Market momentum continues despite uncertainty in the global economy from the ripple effects of the coronavirus
Earnings season has surprised to the upside, but expectations for 2020 suggest a strong ramp to double digit fourth-quarter growth. With valuations at 18-year highs, the market is increasingly depending on meeting or beating expectations
The optimism in the equity market is not shared in the Treasury and commodity markets, with starkly different YTD movement
Markets are showing remarkable resiliency given the uncertainties surrounding the coronavirus outbreak.
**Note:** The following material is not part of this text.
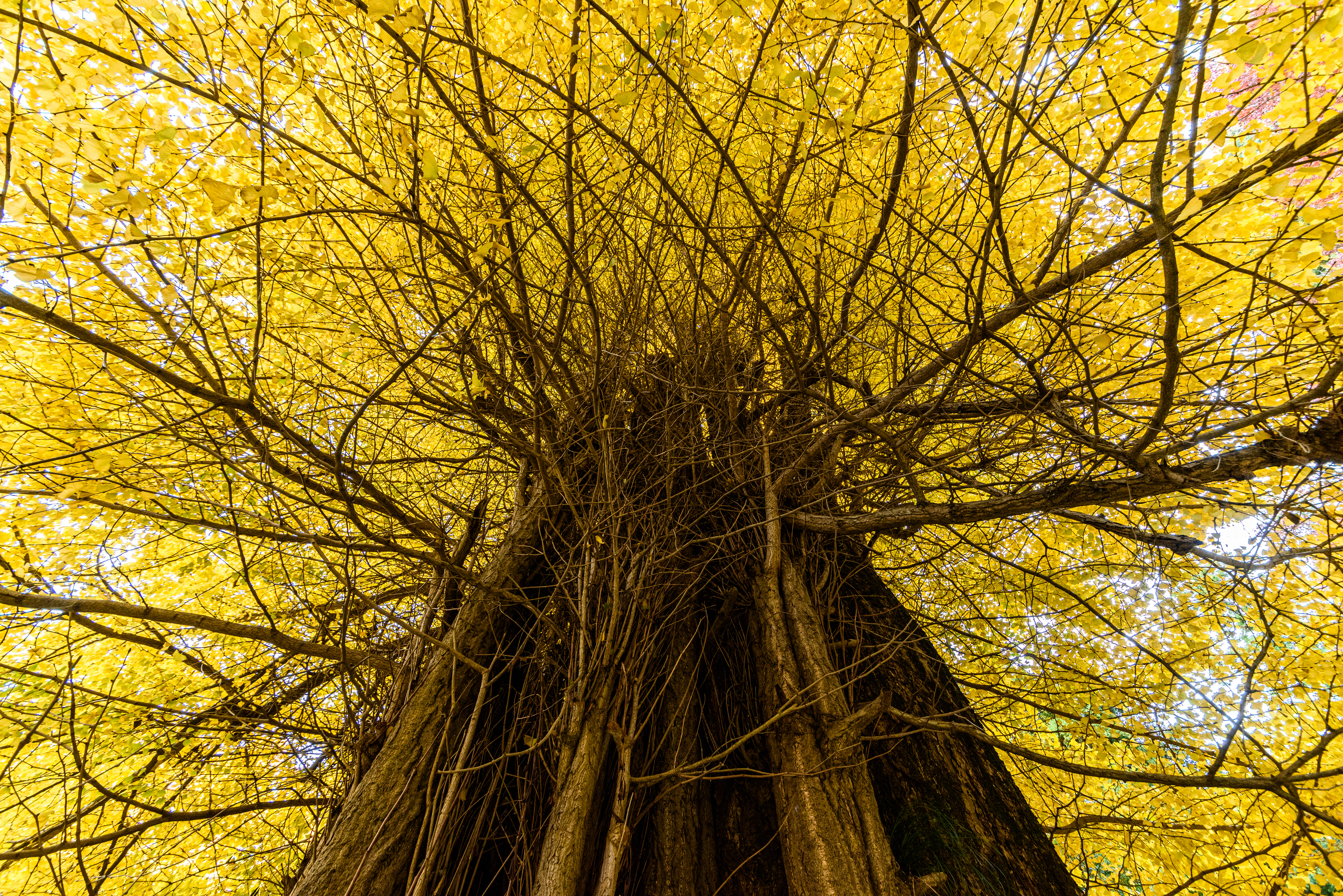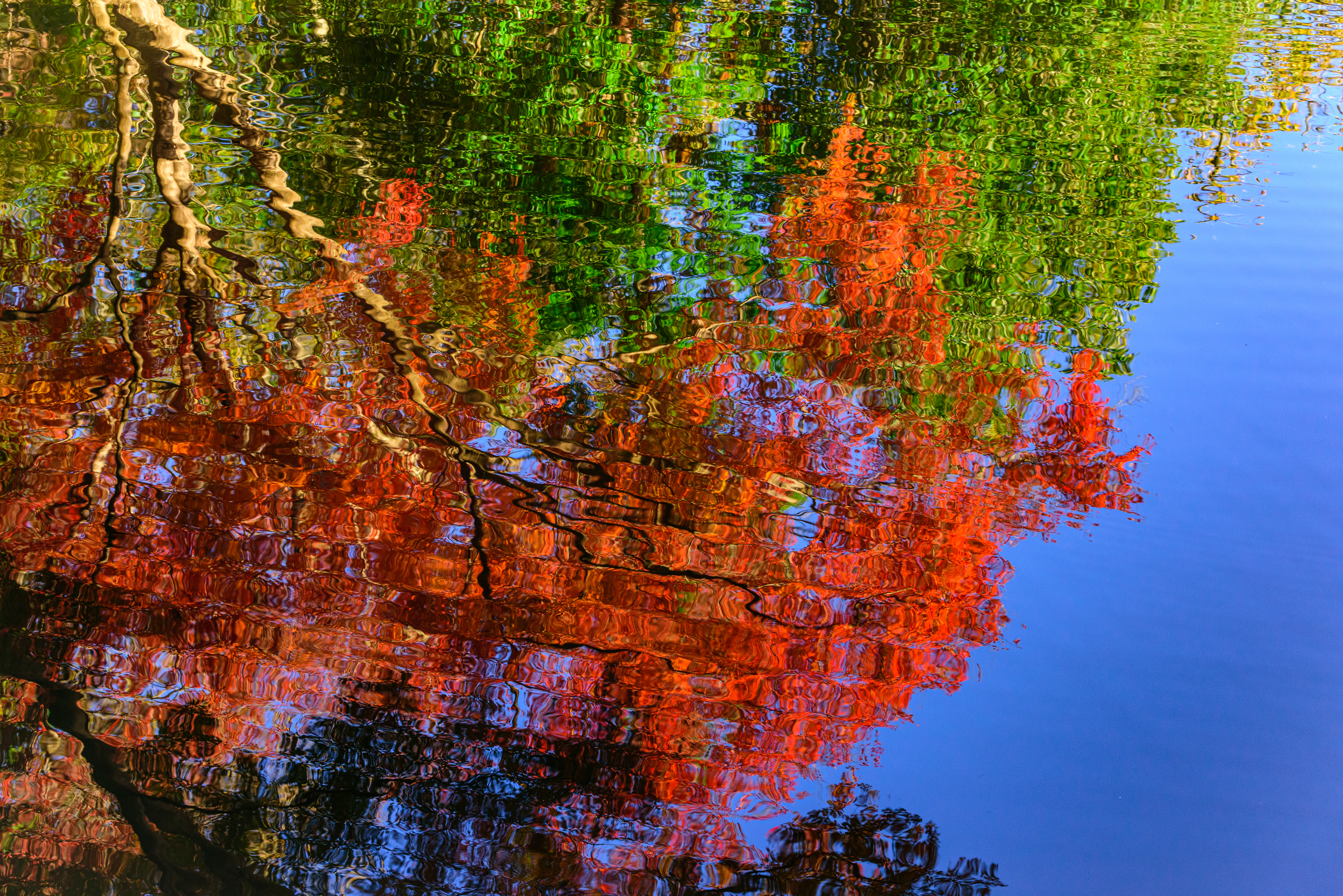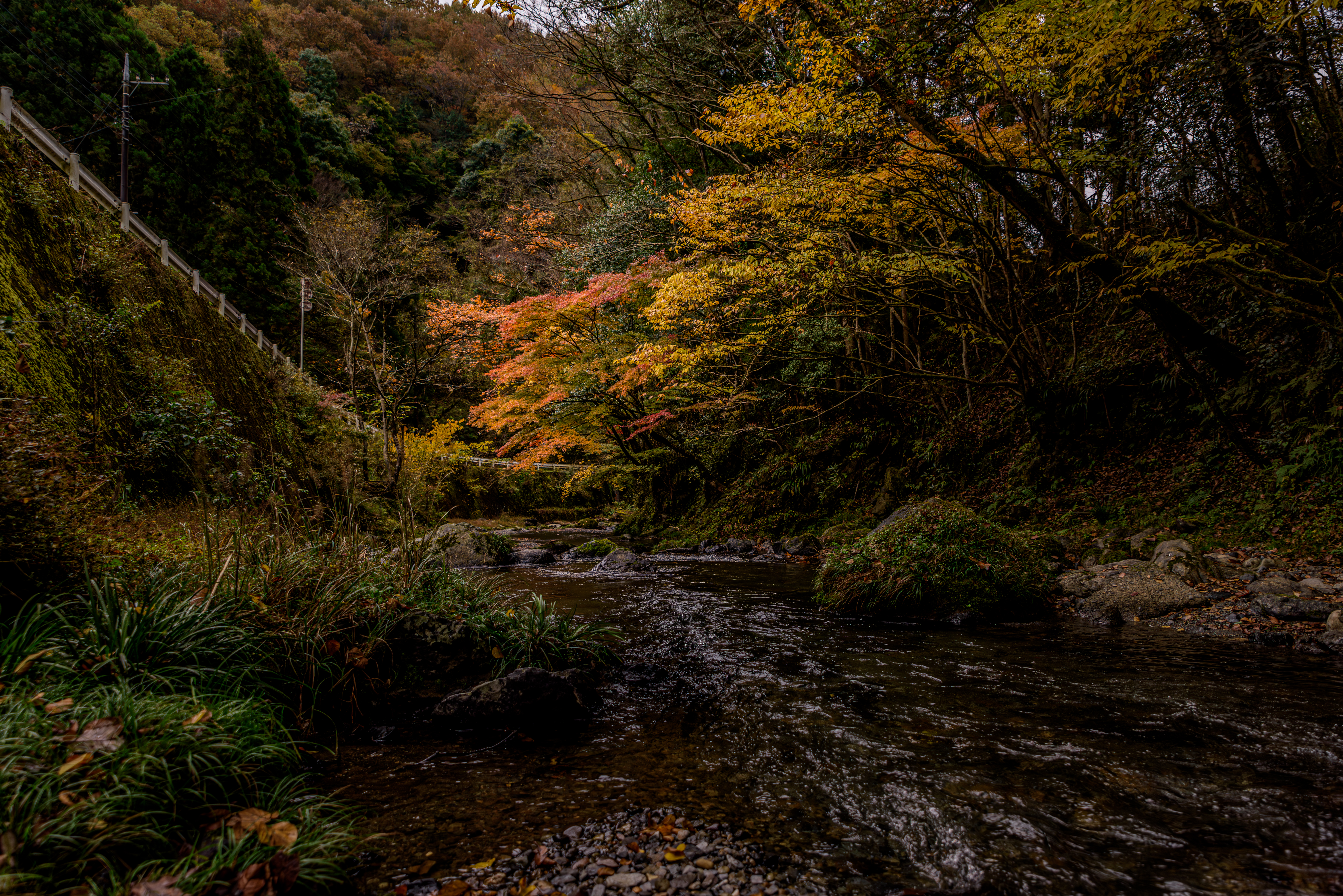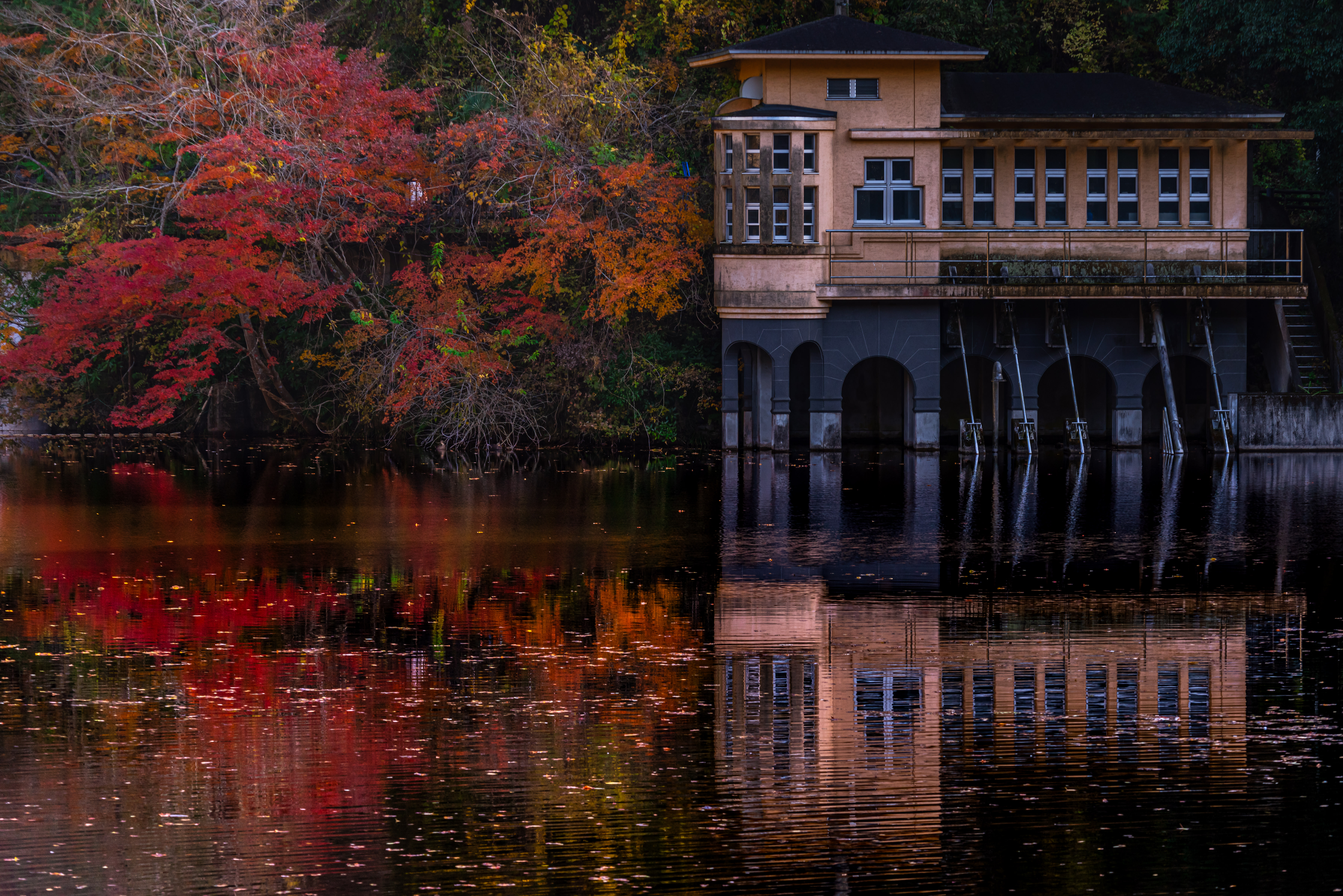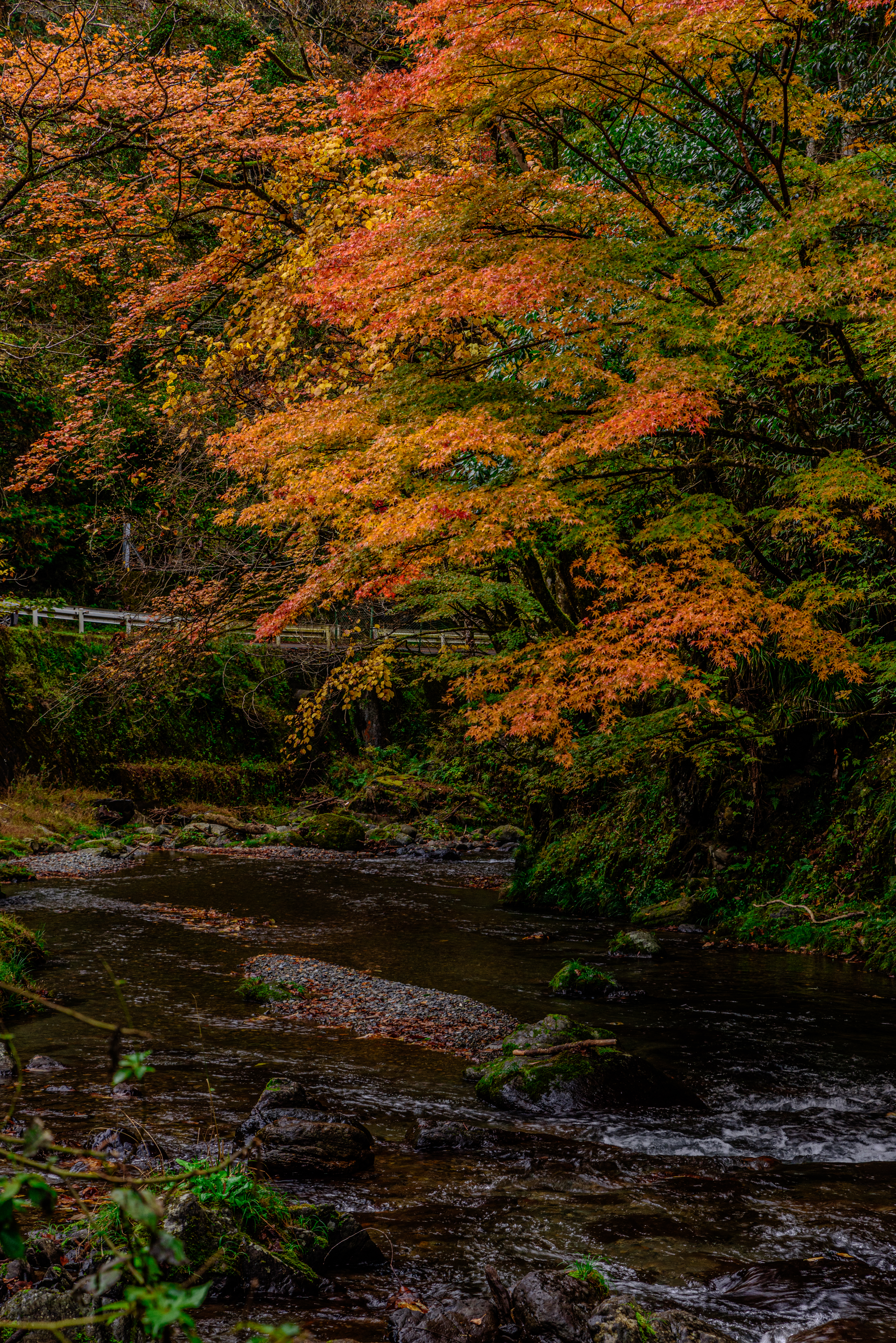 色づいた葉に惹かれてカメラを向けたら玉ボケのともしびを発見。

The global economy has been showing signs of stabilization, but the unclear duration and magnitude of the disruption is a risk
Equity markets have chosen instead to focus on the supportive fundamentals. Earnings have reached an inflection, showing slight growth in the fourth quarter versus the expectation of a decline. Estimates for 2020 have been revised lower, but at a less aggressive pace than is normal. The quarterly progression of growth in 2020 is forecast at 2%, 4%, 9% and 12%.
Economic data is mostly beating to the upside. Examples last week included NFIB Small Business Index and consumer sentiment, though industrial production was weak and retail sales mixed. The Citi Economic Surprise Index is at the best level in nearly two years, signaling data is consistently beating expectations.
Chinese officials are continuing to express calm in the face of the coronavirus outbreak, with nearly 71,000 cases and 1,770 deaths. The PBOC lowered interest rates again, while the government is looking at tax cuts and increased loans to manufacturers. Local equity markets gained 2% on Monday in reaction. Officials are confident that the epidemic will be over soon, and the economic hit will be temporary. Economists have been reducing China’s growth outlook for the quarter to roughly zero, with a strong rebound in the second quarter. The U.S. is not expected to see a severe direct hit, thought the secondary impact on global growth is unknown.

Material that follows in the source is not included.